Our Research

The Advanced Biomanufacturing and Biosensing (AdBio) Lab is inspired by the sentiment 'If you can't measure it, you can't manage it.' However, being a sensor-focused laboratory, our research is guided by the related mindset 'If you can't measure it in real-time, you can't control it.'

Thus, our lab is focused on the creation of biosensor platform technologies for human-centered applications in manufacturing and chemical-material processing, with special focus on biomanufacturing (e.g.,of artificial tissues/organs, cell therapies), bioprocessing (e.g., of pharmaceuticals, fermentation, food), and environmental monitoring (e.g., for water quality, agriculture, biowarefare). The ability to utilize sensors for the real-time detection, identification, separation, and quantification of chemical and biological species in such complex biological systems is central to improving our fundamental understanding of how such systems work as well as offering new solutions for quality assurance, process control, and safety, as such species often represent critical process inputs (e.g., reactants), outputs (e.g., products), and quality measures.
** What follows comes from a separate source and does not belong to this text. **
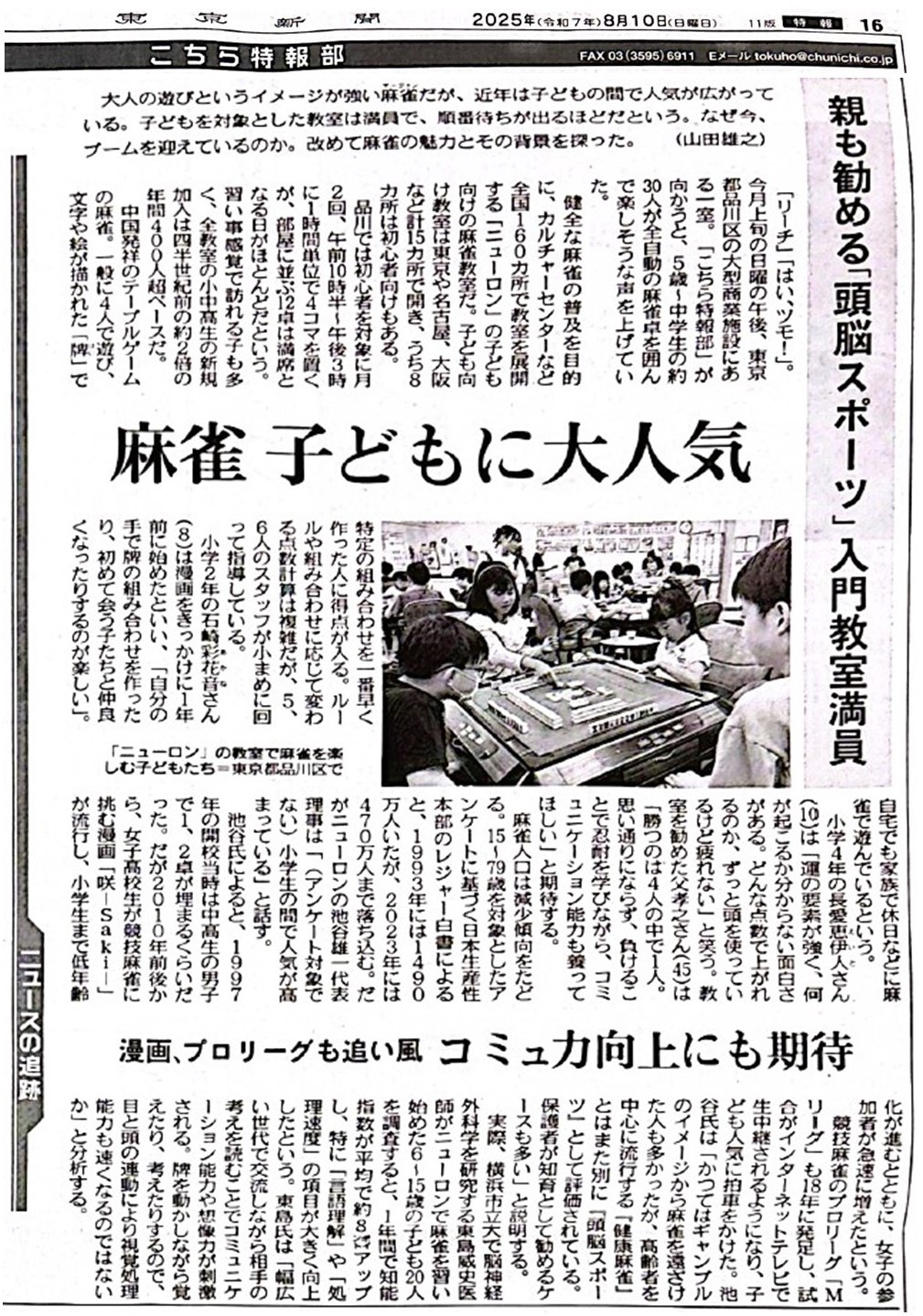 東京新聞にて「ニューロン子供麻雀教室 東京」が紹介されました。

Our overall goal is to enable robust, field deployable biosensing systems capable of performing in real world application settings for real-time detection of chemical and biological species, such as inorganic and organic compounds, toxins, biowarefare agents, proteins, nucleic acids, whole cells, and pathogens in dense complex matrices that contain a high concentration of background species, including aqueous solutions (e.g., drinking/source waters, waste water, cell culture media, body fluids), hydrogels (e.g., tissues), and porous materials (e.g., soil). We are also interested in physical property sensing of fluids, gels, and solids, such as high throughput continuous monitoring of material properties (e.g., density, viscosity, and viscoelastic properties).

Our research is guided by major questions including: 1) How can sensors be leveraged for biosensing in gel and solid matrices, such as continuous monitoring of physiological signatures of tissues, organs, and soil systems?; 2) How can sensor surfaces be regenerated using chemical-free approaches?; 3) How can sensor biorecognition approaches and transduction mechanisms be adapted to sensitively detect the binding of large targets, such as whole cells?; How can materials be continuously extruded over non-flat surfaces (i.e., objects with complex organic shape) with high quality?; and What is the relationship between chemotactic signal parameters and biological response?

Focus is on design and engineering of highly sensitive, selective, rapid, and robust biosensors and associated measurement formats for long-term sensing applications based on reference sensing, in situ verification (e.g., secondary binding and target release), in situ surface regeneration, sample preparation-free measurement, and sensor-based data analytics. Interest varies across a wide range of transduction mechanisms, but focus is given to sensors composed of combinations of gravimetric and electrochemical approaches due to the potential for novel readout and sensing capabilities (e.g., dual-readout as well as anti-fouling and surface regeneration, respectively). Thus, we are currently interested in a novel sensing platform based on hybrid electrochemical-cantilever biosensors, referred to as electrochemical piezoelectric-excited millimeter-sized cantilever (ePEMC) sensors, as they enable novel real-time sensing opportunities in dense matrices due to high cantilever Reynolds number.

Our lab specializes in the use of hybrid microextrusion 3D printing and robotic-embedding additive manufacturing processes for design and fabrication of sensors, bioelectronics, biomedical devices, and microphysiological plant and animal systems, with unique capability in structured light scanning, conformal printing, tool path programming, multi-material printing, bio-fabrication, bioelectronics, and 3D printed electronics. We also heavily utilize techniques of electrical impedance spectroscopy, finite element simulation, electrochemical analysis, bioassay (e.g., PCR and ELISA), and cell culture for characterization and testing.

Research problems span from the macro- to nanoscale, ranging from: conformal printing over objects with complex geometric shape, to continuous flow measurement formats, to transduction physics/mechanisms of sensor-target binding events, to bioconjugation and biorecognition chemistry.  Thus, we are fundamentally interested in additive manufacturing, sensor fabrication, transport phenomena, bioreactor design, bioprocess engineering, process controls, acoustofluidics, impedance analysis, surface and interfacial chemistry, bioconjugation, and thus, multi-scale interface between materials and biology.

Current projects are driven by needs in: additive manufacturing, organ transplantation, innervation of 3D printed tissues/organs, biomanufacturing of quality tissues and cell therapies, high throughput material classification, water resource management, and agriculture.  Project are also highly driven by use of sensor-based and additive manufacturing approaches to better understand plant and animal physiology (e.g., chemotaxis) at both a cellular and systems level.